● **Extracted data**:
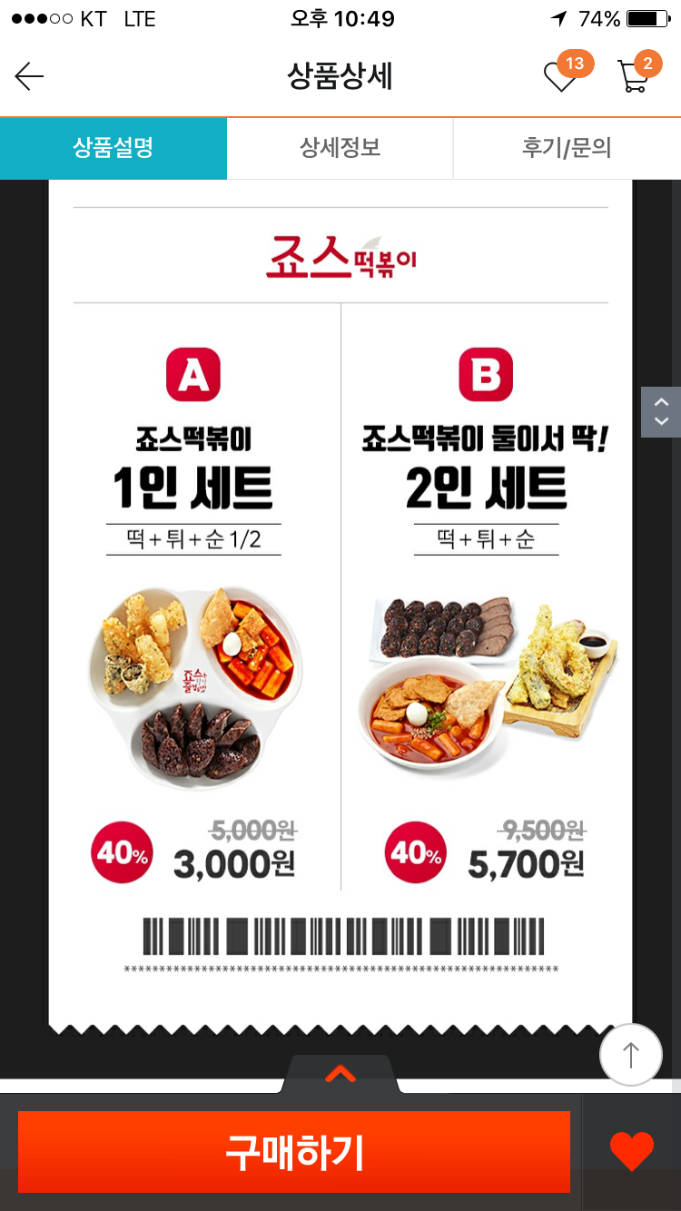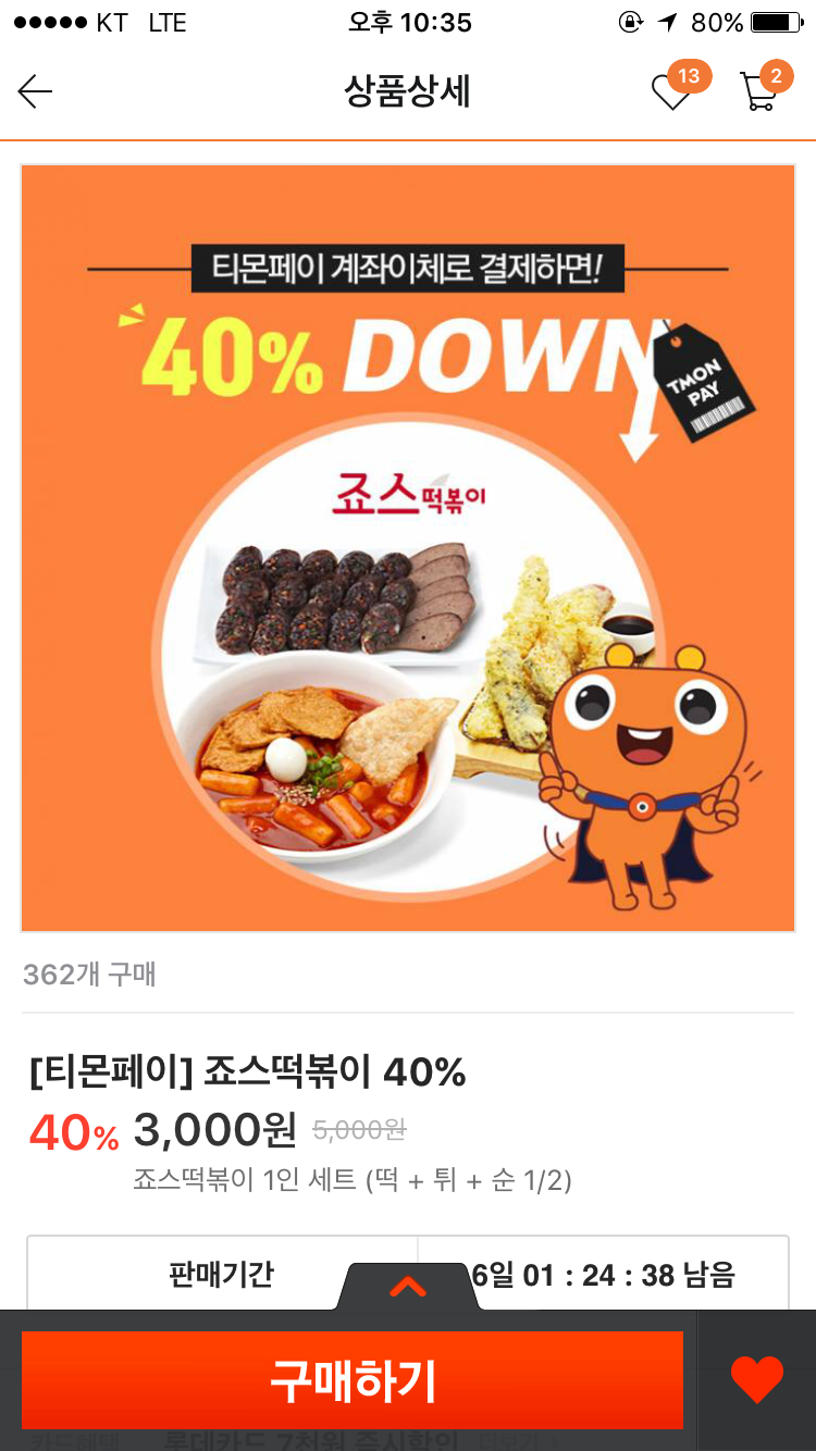 티몬페이전용 죠스떡볶이 딜 떠있네요.
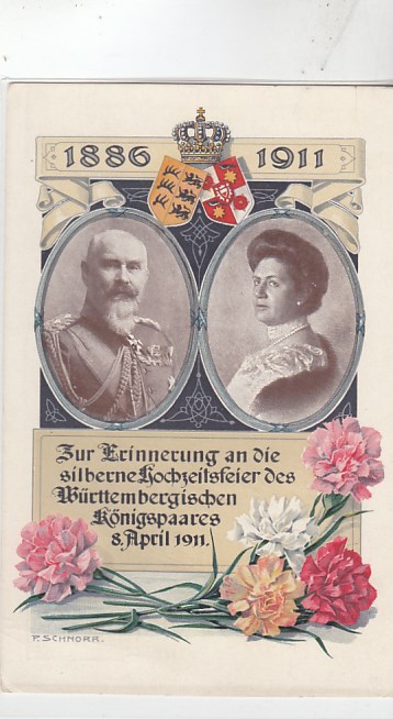alte Ansichtskarten Adel Monarchie silberne Hochzeit Baden Württemberg Königspaar Ganzsache
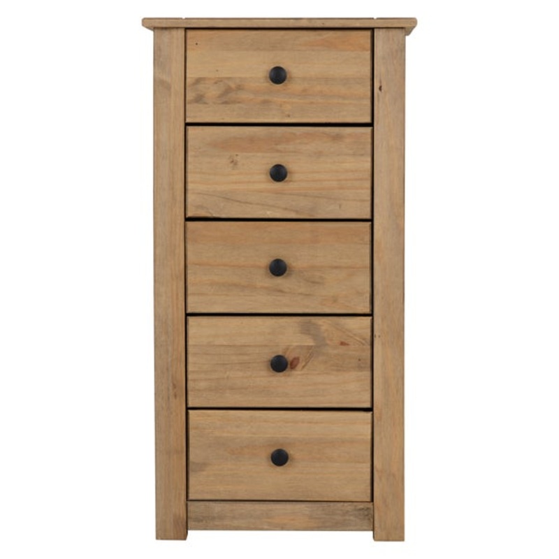 The tall Panama 5 Drawer Chest boasts a light natural aax finish and black metal hinges and handles which contrast each other beautifully. The five drawers offer plenty of storage space and will add rustic style to your home.Installation Note: This product
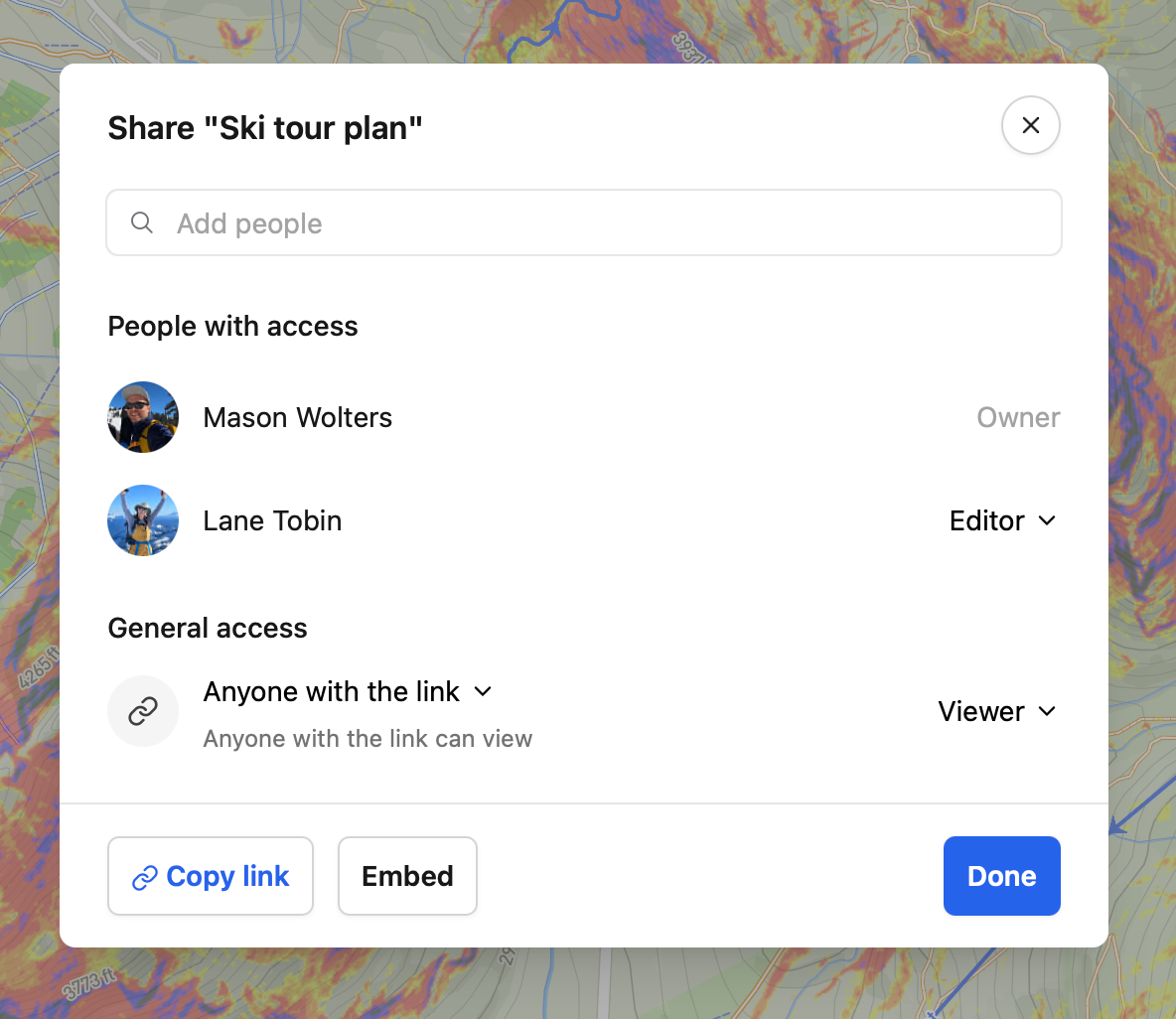 This allows sharing a map link with general view-only access, while allowing a specific subset of collaborators to edit.
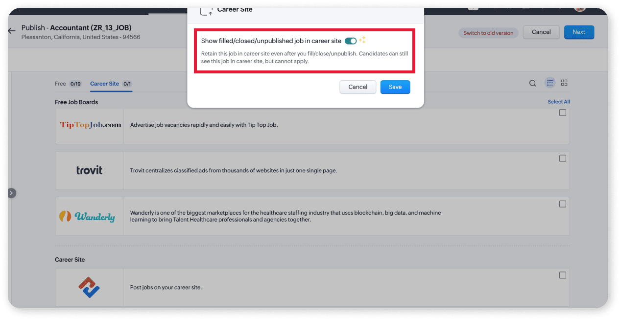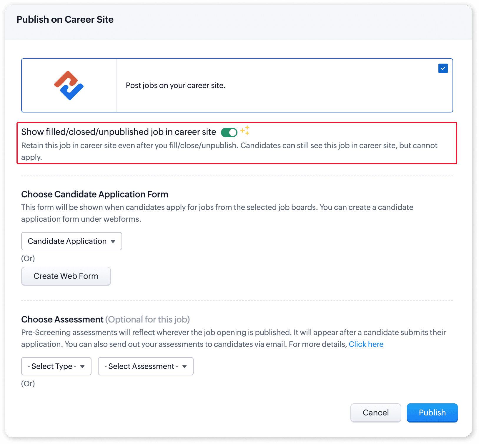 - In the interface that appears, there is a toggle button to enable showing filled/closed/unpublished jobs on the career site.
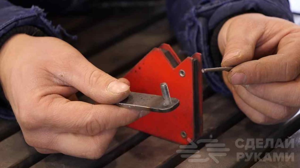 В полосе сверлим два отверстия. В одно отверстие ввариваем кусок шпильки с резьбой, в другое — кусок стальной проволоки.
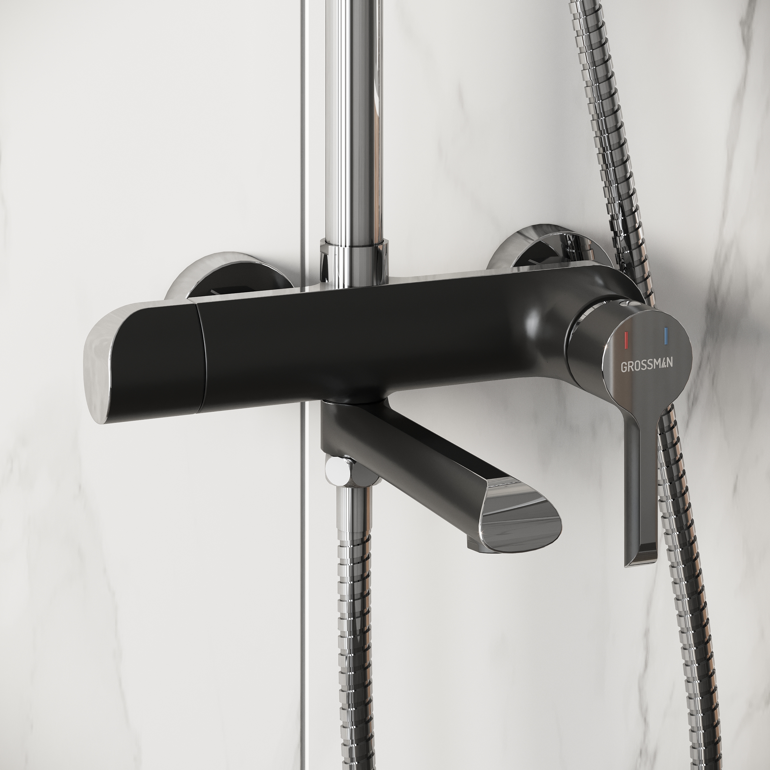 - Телескопическая душевая стойка позволяет изменять высоту до 165 см, что делает использование комфортным для людей разного роста
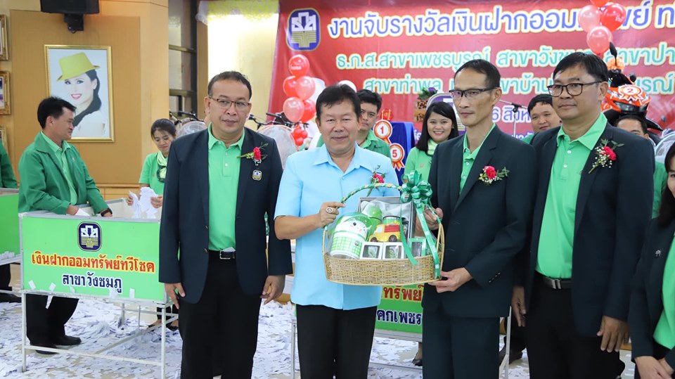 สำหรับการจับรางวัลเงินฝากออมทรัพย์ทวีโชค ครั้งที่ 1 ประจำปี 2562 เป็นการจับรางวัลให้กับผู้โชคดี ให้กับลูกค้าของ ธ.ก.ส.สาขาเพชรบูรณ์ ธ.ก.ส.สาขาปากน้ำ ธ.ก.ส.สาขาบ้านโคก ธ.ก.ส.สาขาท่าพล และ ธ.ก.ส.สาขาวังชมพู โดย ดร.เสกสรร นิยมเพ็ง นายกเทศมนตรีเมืองเพชรบูรณ์ ได้รับเกียรติให้เป็นประธานจับรางวัลใหญ่ ทองคำแท่ง หนัก 5 บาท ให้กับลูกค้า ธ.ก.ส ทั้ง 5 สาขา
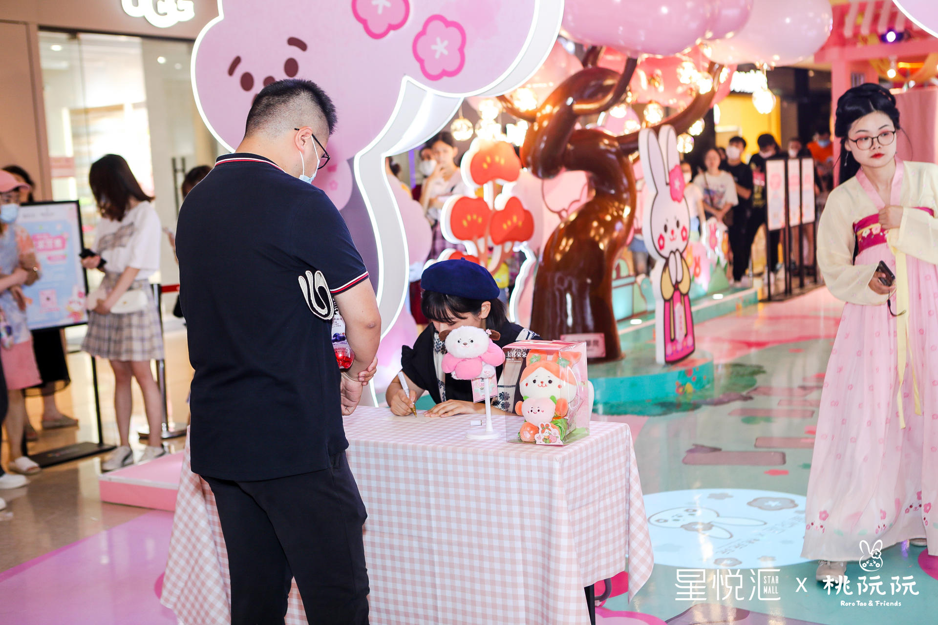 Rolife若來(lái)首個(gè)古風(fēng)IP家族——桃阮阮,繼續(xù)開(kāi)拓潮玩市場(chǎng),開(kāi)啟一場(chǎng)夏日限定“桃你歡心”主題展。本次桃阮阮主題特展作為在蘇州的首展,以陶淵明的《桃花源記》等多個(gè)中華古典文化經(jīng)典為靈感,創(chuàng)造出了位于市中心的世外桃源,深度還原了二次元“桃花里”世界。展覽整體分為心動(dòng)桃花里、甜味生活百樂(lè)圖、桃氣小“食”光、蘇子衿裁縫鋪、一曲桃花調(diào)、桃花小鋪等多個(gè)打卡點(diǎn)位,年輕化的多元空間,定制沉浸式的潮玩場(chǎng)景。每個(gè)區(qū)域的活動(dòng)和驚喜也各有不同,是潮人鐘情的打卡圣地。
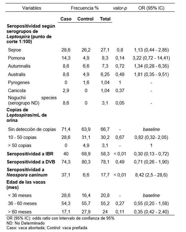 La leptospirosis es una reconocida zoonosis bacteriana causada por Leptospira spp. En bovinos, su ocurrencia suele estar más vinculada a afecciones reproductivas. Este estudio pretende determinar la asociación del aborto con la seropositividad de cepas locales y los niveles de excreción por orina de Leptospiras patógenas en vacas para producción de carne no vacunadas en Uruguay. Se llevó a cabo un estudio de casos y controles en 31 predios ganaderos sin antecedentes de vacunación contra leptospirosis de al menos un año. En cada predio, se realizó el seguimiento a 25 vacas preñadas de menos de tres meses de gestación. Se realizaron tres visitas a lo largo de la gestación de las vacas: dentro del primer tercio de gestación, dentro del segundo tercio de gestación y otra posparto. Se identificaron en cada visita las vacas abortadas, colectando muestras de sangre y orina a estas vacas y a dos compañeras por cada abortada. Se realizó diagnóstico serológico para Leptospira spp. (test de microaglutinación), rinotraqueítis infecciosa bovina, diarrea viral bovina y Neospora caninum (ELISA). Con las muestras de orina se hizo qPCR para la detección de Leptospiras patógenas. Se realizó una regresión logística teniendo en cuenta al predio como variable aleatoria. El análisis incluyó 35 vacas abortadas y 61 vacas controles. Las vacas abortadas tenían 8,06 veces más chance de ser seropositivas al serogrupo Pomona con respecto a vacas preñadas o que habían paridos un ternero a término (p = 0,01). Hubo una fuerte asociación con la seropositividad a Neospora caninum, las vacas abortadas tenían 11,31 veces más chance de ser seropositivas a este protozoario con respecto al grupo control (p < 0,01). Si bien se establece asociación entre la leptospirosis y el aborto en vacas de carne, se deberían realizar estudios más dirigidos para establecer con mayor precisión el impacto de esta enfermedad en sistemas ganaderos.
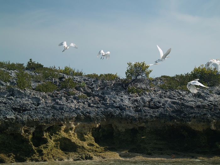 Also at Warderick Wells, we spotted a flock of egrets on one of the small cays, and we startled them into flight with our approach! Back at home we tend to see individual egrets, not entire flocks.
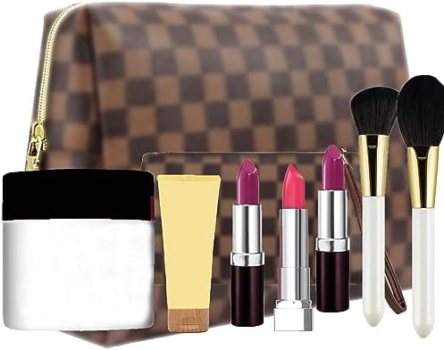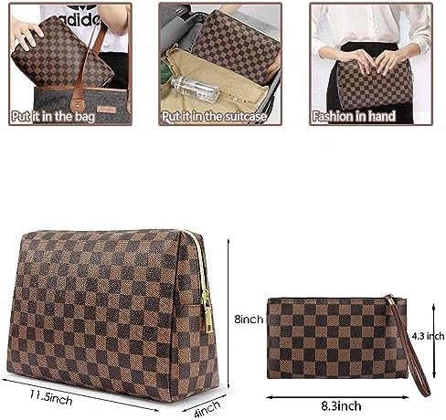 Makeup Bag, Cosmetic Bag, Portable Leather Large Checkered Makeup Bag, 2 Pack Large Capacity Travel Cosmetic Bag for Women, Lightweight Design and Waterproof Toiletries Bag Christmas Gifts
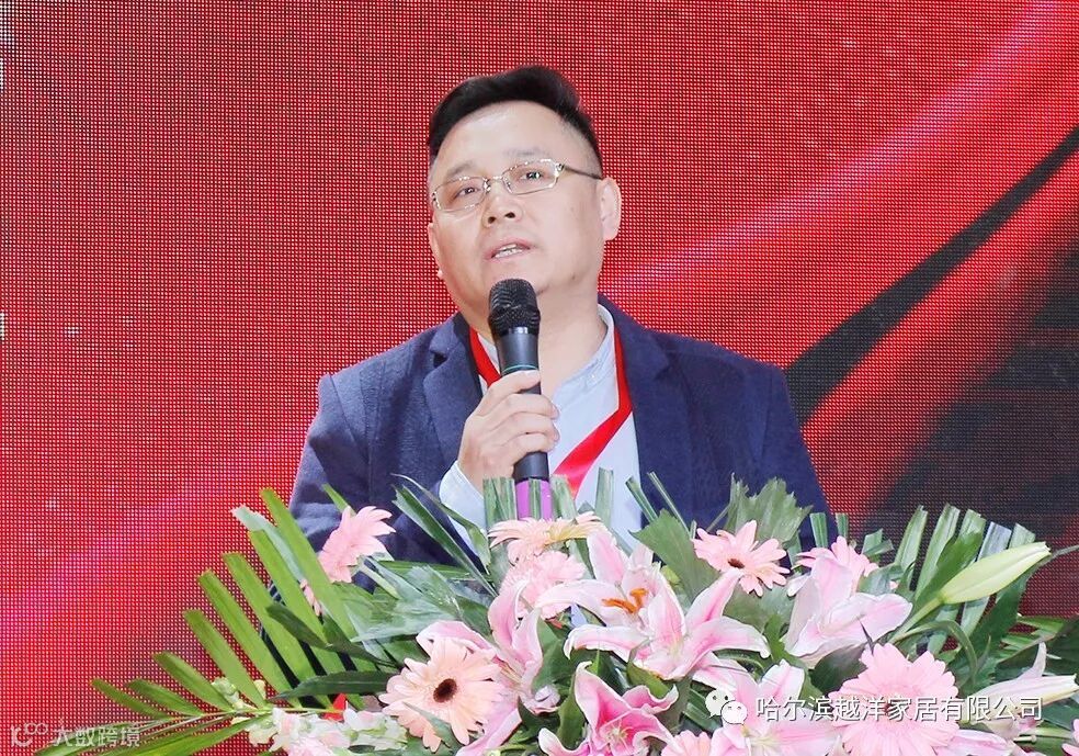 黑龙江省装饰材料行业协会会长赵勇先生到会致辞,感谢越洋家居对行业发展做出的突出贡献,肯定越洋家居的经营管理模式!对行业未来的发展进行了细致的分析,为我们越洋家居未来的发展给予了正确发展指导方向!

● **Problem details**: Reproduce exactly the lines of the data above that run from the line with "This allows sharing" down to the line with "Rolife若來(lái)首", both ends included. Pictures do not belong in the copy.

● **Answer section**:
 This allows sharing a map link with general view-only access, while allowing a specific subset of collaborators to edit.
 - In the interface that appears, there is a toggle button to enable showing filled/closed/unpublished jobs on the career site.
 В полосе сверлим два отверстия. В одно отверстие ввариваем кусок шпильки с резьбой, в другое — кусок стальной проволоки.
 - Телескопическая душевая стойка позволяет изменять высоту до 165 см, что делает использование комфортным для людей разного роста
 สำหรับการจับรางวัลเงินฝากออมทรัพย์ทวีโชค ครั้งที่ 1 ประจำปี 2562 เป็นการจับรางวัลให้กับผู้โชคดี ให้กับลูกค้าของ ธ.ก.ส.สาขาเพชรบูรณ์ ธ.ก.ส.สาขาปากน้ำ ธ.ก.ส.สาขาบ้านโคก ธ.ก.ส.สาขาท่าพล และ ธ.ก.ส.สาขาวังชมพู โดย ดร.เสกสรร นิยมเพ็ง นายกเทศมนตรีเมืองเพชรบูรณ์ ได้รับเกียรติให้เป็นประธานจับรางวัลใหญ่ ทองคำแท่ง หนัก 5 บาท ให้กับลูกค้า ธ.ก.ส ทั้ง 5 สาขา
 Rolife若來(lái)首個(gè)古風(fēng)IP家族——桃阮阮,繼續(xù)開(kāi)拓潮玩市場(chǎng),開(kāi)啟一場(chǎng)夏日限定“桃你歡心”主題展。本次桃阮阮主題特展作為在蘇州的首展,以陶淵明的《桃花源記》等多個(gè)中華古典文化經(jīng)典為靈感,創(chuàng)造出了位于市中心的世外桃源,深度還原了二次元“桃花里”世界。展覽整體分為心動(dòng)桃花里、甜味生活百樂(lè)圖、桃氣小“食”光、蘇子衿裁縫鋪、一曲桃花調(diào)、桃花小鋪等多個(gè)打卡點(diǎn)位,年輕化的多元空間,定制沉浸式的潮玩場(chǎng)景。每個(gè)區(qū)域的活動(dòng)和驚喜也各有不同,是潮人鐘情的打卡圣地。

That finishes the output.